:: EXERCISE DATA ::

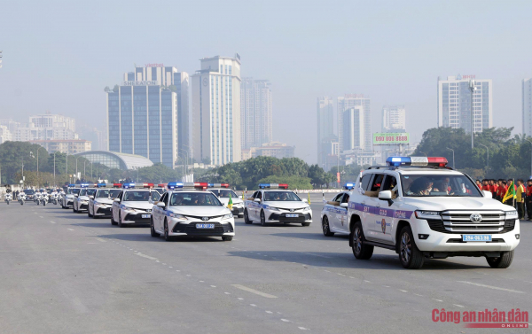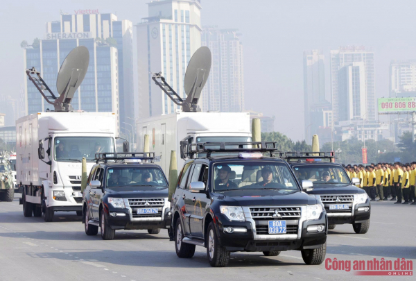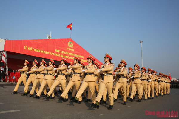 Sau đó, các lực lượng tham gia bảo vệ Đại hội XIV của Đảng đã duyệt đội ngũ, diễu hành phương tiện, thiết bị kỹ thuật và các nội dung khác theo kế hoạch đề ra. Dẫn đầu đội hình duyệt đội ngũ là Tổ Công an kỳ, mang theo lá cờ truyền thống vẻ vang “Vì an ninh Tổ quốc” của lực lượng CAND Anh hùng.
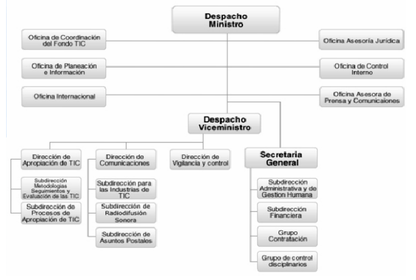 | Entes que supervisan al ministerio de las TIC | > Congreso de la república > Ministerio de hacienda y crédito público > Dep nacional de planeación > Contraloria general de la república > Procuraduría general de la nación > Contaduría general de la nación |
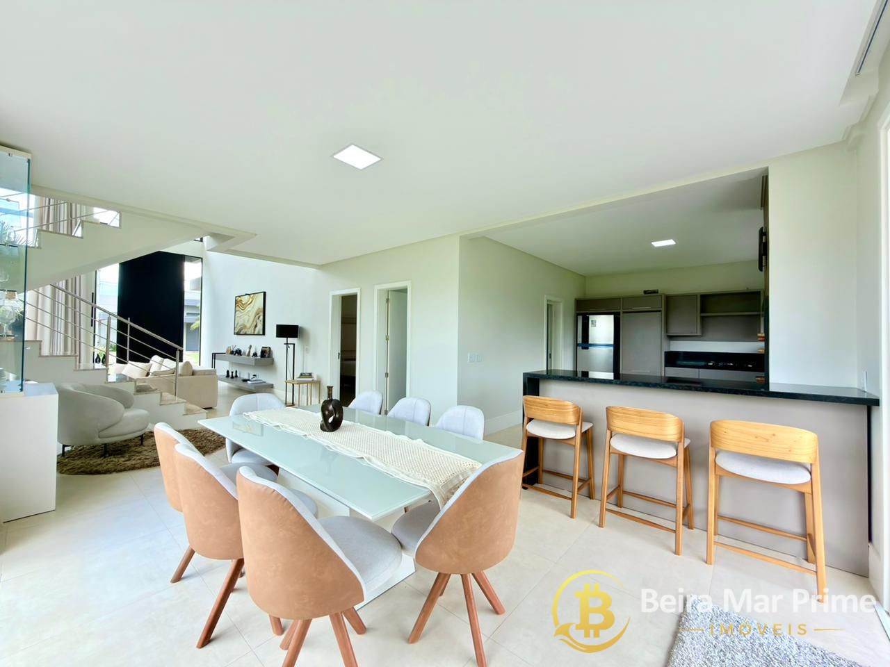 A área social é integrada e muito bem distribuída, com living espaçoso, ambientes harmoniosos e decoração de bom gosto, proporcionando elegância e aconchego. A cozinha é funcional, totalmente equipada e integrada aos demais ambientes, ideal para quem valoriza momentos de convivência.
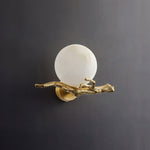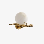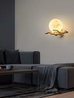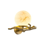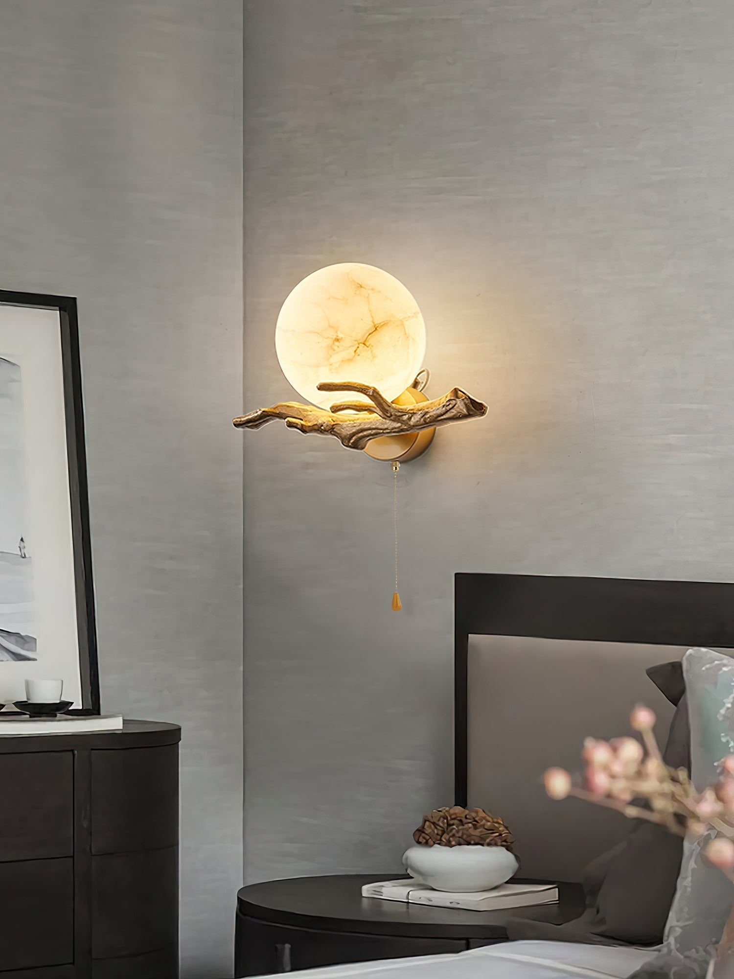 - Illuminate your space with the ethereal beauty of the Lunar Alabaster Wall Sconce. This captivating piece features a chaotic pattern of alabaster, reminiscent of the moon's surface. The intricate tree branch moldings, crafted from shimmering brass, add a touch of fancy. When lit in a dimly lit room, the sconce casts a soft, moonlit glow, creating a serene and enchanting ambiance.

:::
:: EXERCISE DATA ::

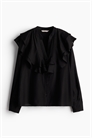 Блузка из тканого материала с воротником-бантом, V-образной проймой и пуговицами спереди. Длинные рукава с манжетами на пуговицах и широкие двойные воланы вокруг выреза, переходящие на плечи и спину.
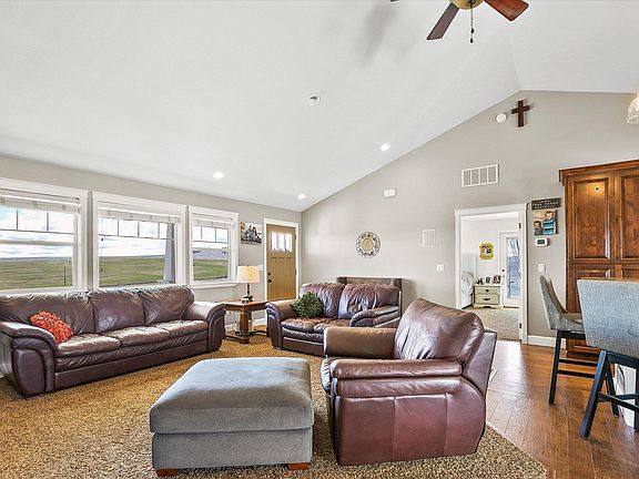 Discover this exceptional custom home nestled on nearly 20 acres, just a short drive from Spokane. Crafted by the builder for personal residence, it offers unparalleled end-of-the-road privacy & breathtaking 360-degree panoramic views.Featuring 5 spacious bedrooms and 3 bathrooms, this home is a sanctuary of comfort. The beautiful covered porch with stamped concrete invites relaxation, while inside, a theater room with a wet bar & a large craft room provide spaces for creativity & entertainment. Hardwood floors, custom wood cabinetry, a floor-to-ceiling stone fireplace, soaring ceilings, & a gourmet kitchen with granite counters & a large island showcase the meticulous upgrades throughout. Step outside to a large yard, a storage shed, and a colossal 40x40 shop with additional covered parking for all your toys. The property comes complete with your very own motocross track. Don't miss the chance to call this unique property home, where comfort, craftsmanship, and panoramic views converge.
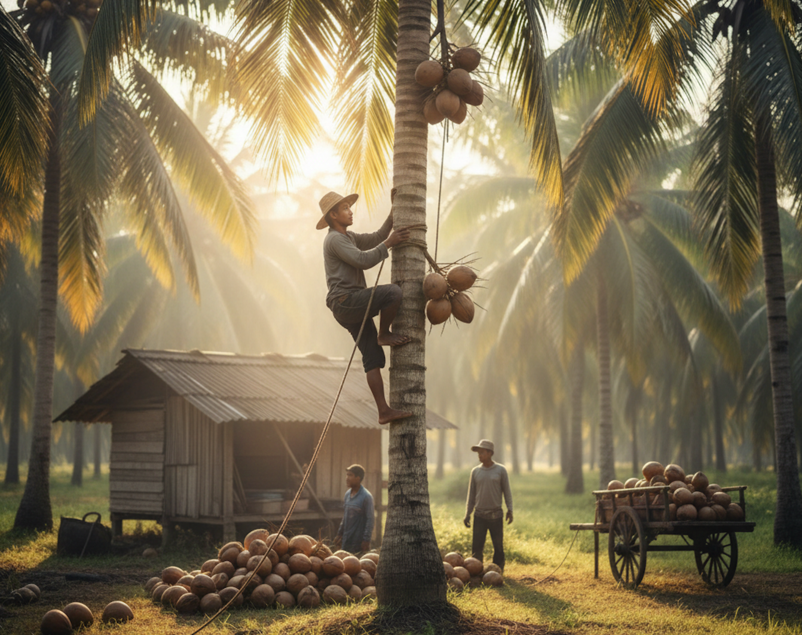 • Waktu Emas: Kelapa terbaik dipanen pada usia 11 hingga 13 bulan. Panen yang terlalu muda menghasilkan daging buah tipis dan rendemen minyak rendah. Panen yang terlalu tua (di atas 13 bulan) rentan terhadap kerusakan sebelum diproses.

:::

- [WORK INSTRUCTIONS] Going by the entries above, repeat exactly the lines that start at the line with "Sau đó, các" and go on through the line with "A área social". Pictures are not part of the copy.

- [WRITTEN SOLUTION]
 Sau đó, các lực lượng tham gia bảo vệ Đại hội XIV của Đảng đã duyệt đội ngũ, diễu hành phương tiện, thiết bị kỹ thuật và các nội dung khác theo kế hoạch đề ra. Dẫn đầu đội hình duyệt đội ngũ là Tổ Công an kỳ, mang theo lá cờ truyền thống vẻ vang “Vì an ninh Tổ quốc” của lực lượng CAND Anh hùng.
 | Entes que supervisan al ministerio de las TIC | > Congreso de la república > Ministerio de hacienda y crédito público > Dep nacional de planeación > Contraloria general de la república > Procuraduría general de la nación > Contaduría general de la nación |
 A área social é integrada e muito bem distribuída, com living espaçoso, ambientes harmoniosos e decoração de bom gosto, proporcionando elegância e aconchego. A cozinha é funcional, totalmente equipada e integrada aos demais ambientes, ideal para quem valoriza momentos de convivência.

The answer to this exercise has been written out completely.